As hedge fund activism surges across global markets, JPMorgan Chase is significantly expanding its shareholder engagement and activism defence capabilities, with the firm adding two MDs to its global shareholder engagement and M&A capital markets group, according to a report by Reuters.
The report cites an internal memo as revealing that the two additions are Duncan Herrington from Jasper Street Partners and Lyndon Park from ICR Shareholder Advisory. Brian Frank, a longtime JPMorgan executive with deep ties to event-driven trading and capital markets, is also joining the unit, which
Has recently defended Walt Disney from Nelson Peltz’s Trian Fund, assisted BlackRock against Saba Capital’s challenge to its closed-end funds, and helped Matthews International repel a board challenge from Barington Capital Group.
JPMorgan’s move reflects the sharp increase in activist campaigns: last year saw a record number of activist entries, with 45 investors launching campaigns for the first time, according to data from Barclays.
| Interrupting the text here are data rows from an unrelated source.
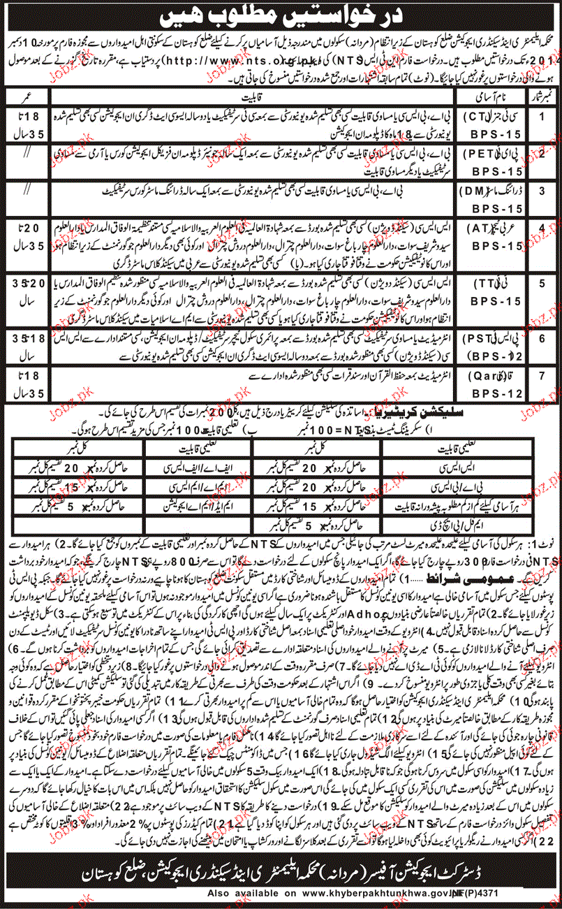 Latest Government Teaching Posts Kohistan 2025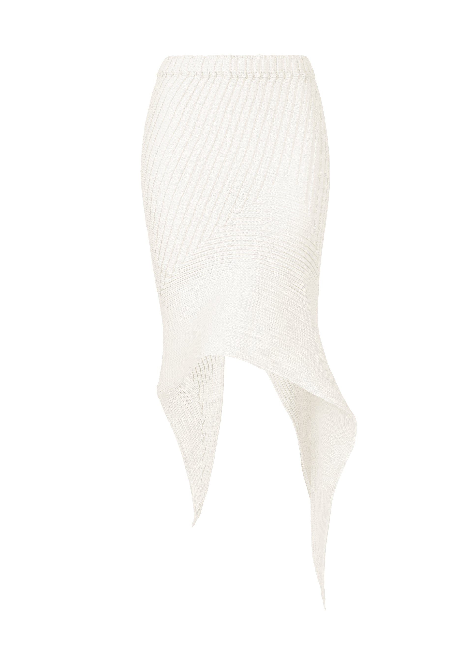 This knit skirt is characterized by its structure resembling drooping quadrilateral paper and light, comfortable feel. It is knitted using highly stretchy recycled polyester thread combined with delicate, glossy triacetate thread in a striped pattern. Quadrilateral parts, created by blending garter and rib knitting techniques, are assembled with minimal sewing to achieve a soft form. Product Information Material: 58% polyester, 42% triacetate Country of origin: Japan Waist specifications:rubber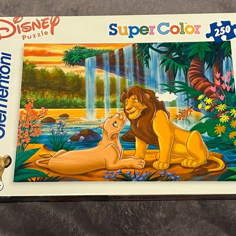 Erittäin hyvässä kunnossa oleva 99 palan lion king palapeli. Laatikossa kulmissa minimaalista kulumaa, muilta osin uuden veroinen.
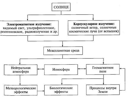 Солнечно-земные связи. Генеральная схема солнечно-земных связей включает электромагнитное и корпускулярное излучения (рис. 3.7), которые обусловливают ряд процессов и явлений во всех геосферах (например, полярные сияния, магнитные бури и связанные с ними последствия). Активность Солнца различна, выделяют периоды, когда в результате происходящих на Солнце процессов наша планета получает дополнительное (по сравнению с излучением Солнца в спокойном состоянии) излучение, которое влияет на характер многих земных процессов.
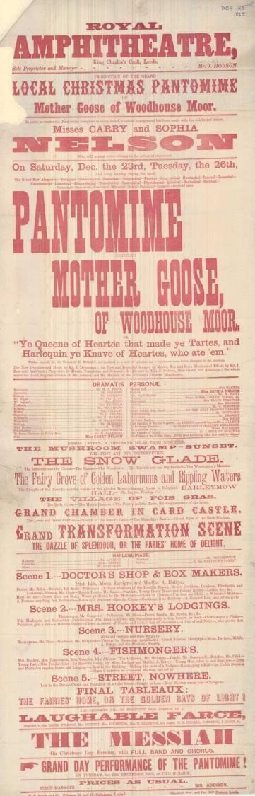 Playbill for Mother Goose pantomime at the Royal Amphitheatre in Leeds.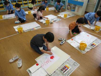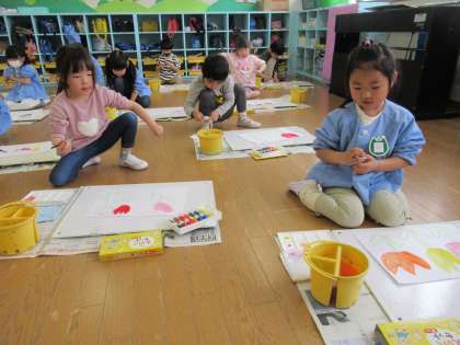 絵の具遊びをしました。(きりん組、らいおん組)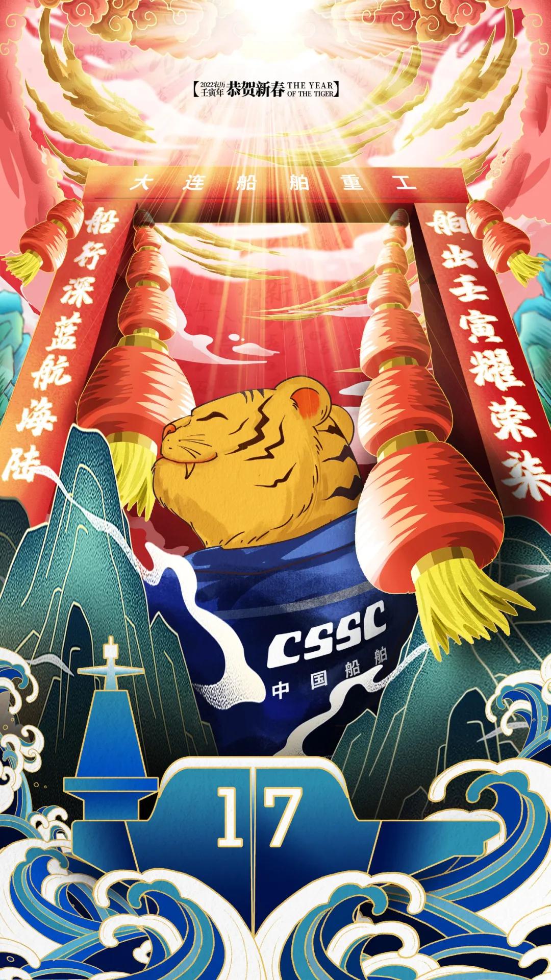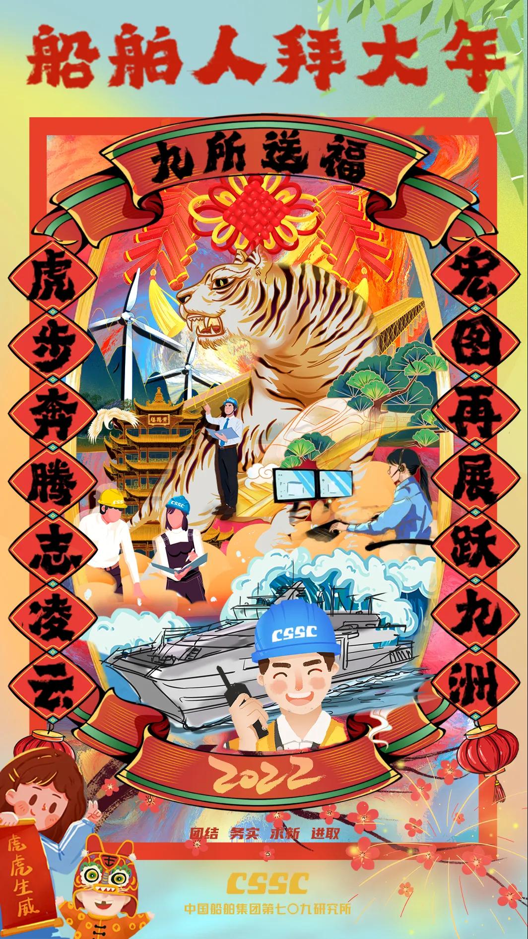 海報采用國潮畫風,中間部分“江小南”穿著新衣舉著虎頭,寓意新的一年中國船舶人虎虎生威,上面部分以重要產品和廠區設備為主,詮釋江南造船建造國之重器的初心和使命,同時輔以鞭炮、煙花、燈籠等新年元素,使海報充滿喜慶祥和的新年氛圍。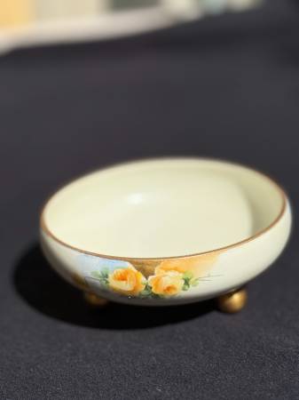 At over 100 years old, this 4” across Limoges circular 3-legged dish is in great condition. No chips or cracks, and the wear on the gold is minimal, except on the bottom of the feet - see pics....
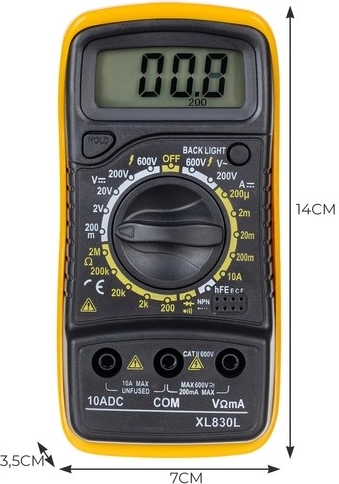 Univerzálny digitálny multimeter je navrhnutý pre širokú škálu elektrických meraní, čo z neho robí nepostrádateľný nástroj v každej dielni či pre domácich majstrov. Ponúka radu funkcií pre meranie napätia, prúdu a odporu, vrátane testovania diód a tranzistorov.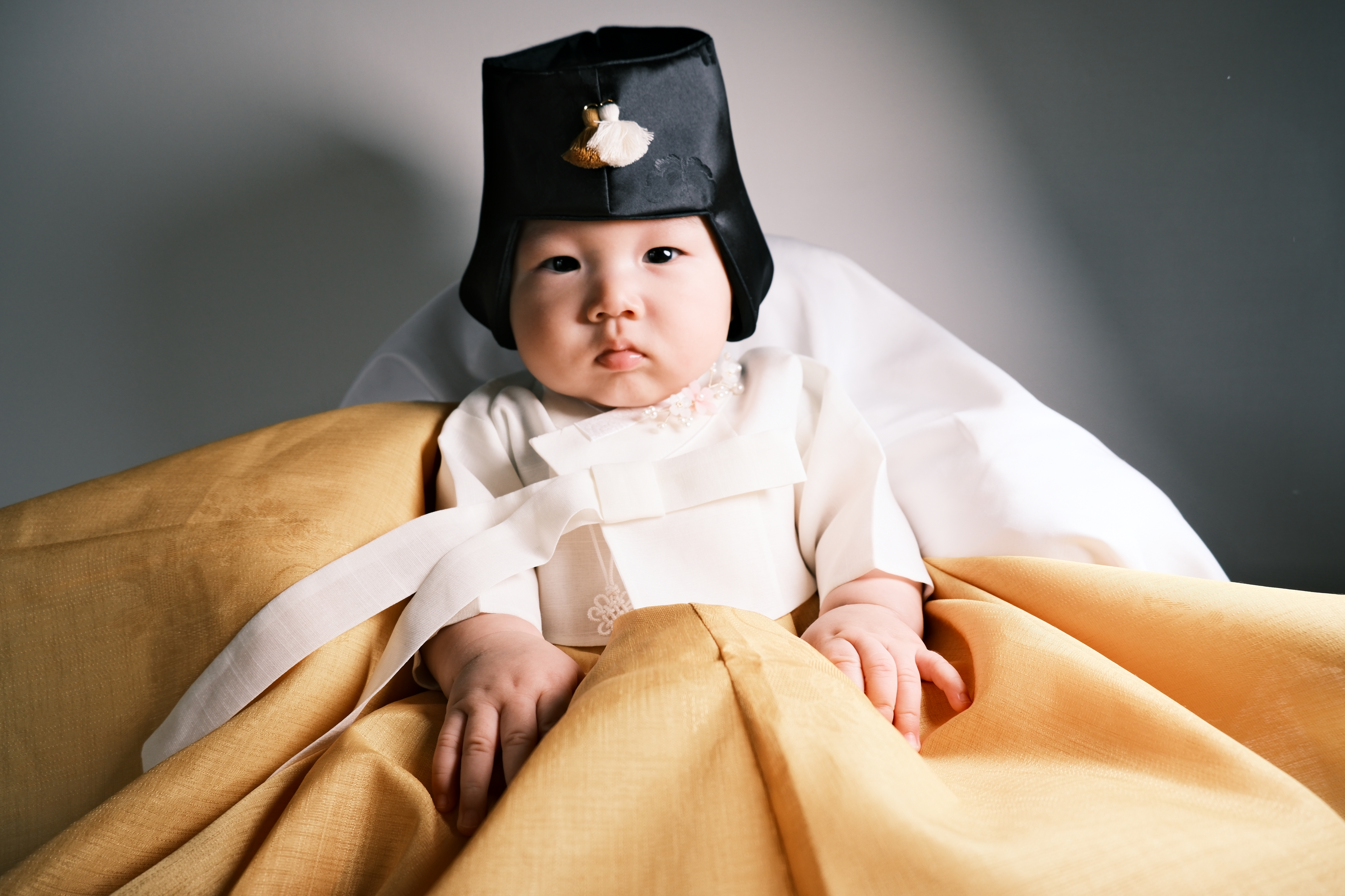 美しい色合いと伝統の美しさを込めた韓服。お子さまの純粋さを引き立て、特別な日を華やかに演出します。

For hedge funds, JPMorgan’s growing team represents both a formidable gatekeeper and a potential tactical partner—particularly in complex proxy fights and event-driven situations. The trend also reflects how activism defence, once seen as a niche advisory service, has become big business. With top-tier banks like Goldman Sachs and Bank of America also aggressively bolstering their own activist advisory arms, the competition for corporate mandates has never been fiercer.